Optimizing CoFe₂O₄ coatings on nickel foam via Aerosol-Assisted CVD for superior electrochemical oxygen evolution Catalysis

The slow pace of the oxygen evolution reaction (OER) presents a major challenge for producing renewable hydrogen energy via electrocatalytic water splitting. To overcome this issue, it is essential to develop high-performing, non-precious metal-based electrocatalysts that improve OER efficiency and advance water electrolysis technology. This study investigates the OER activity of CoFe₂O₄ thin-film electrocatalysts deposited on nickel foam (NF) using an aerosol-assisted chemical vapor deposition method.
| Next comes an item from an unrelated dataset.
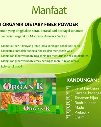 CNI Organik Dietary Fiber Powder adalah suplemen serat alami yang diformulasikan dari berbagai tanaman organik pilihan hasil pertanian di Montana, Amerika Serikat. Mengandung kombinasi serat dari biji-bijian, kacang-kacangan, tanaman hijau, buah-buahan, serta diperkaya dengan madu, prebiotik, dan enzim alami, menjadikannya solusi lengkap untuk menjaga kesehatan pencernaan dan mendukung program diet sehat Anda.
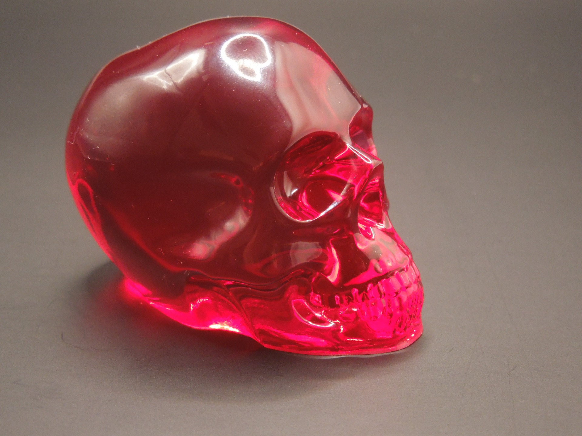 Fascinující spojení odvahy a elegance. Tato dekorativní lebka je vyrobena z vysoce kvalitní, čiré červené pryskyřice, která svou barvou a průhledností připomíná vzácný rubín. Díky své transparentnosti nádherně propouští světlo, což vytváří magické odlesky a vnitřní záři. Je to ideální doplněk pro ty, kteří hledají něco netradičního, moderního a stylového.

The catalyst coatings, CoFe₂O₄@NF, were prepared for 30, 60, and 120 min to optimize mass loading, surface morphology, and catalytic active sites, enhancing OER performance in 1 M KOH. The 30-minute catalyst demonstrated an impressive current density of 1 A cm^–2 at a relatively low potential of 1.62 V (vs. RHE), attributed to the enhanced electrical conductivity provided by the uniform nanospherical CoFe₂O₄ layer supported on the NF scaffold, as evidenced by a low Tafel slope of 50.2 mV dec^–1. Additionally, the strong interaction of the catalyst layer with NF ensures excellent long-term stability, with the OER performance maintained for up to 24 h. These findings indicate that the CoFe₂O₄@NF catalysts developed in this study offer a promising, cost-effective alternative to noble metal catalysts for generating affordable and clean energy in water-splitting devices.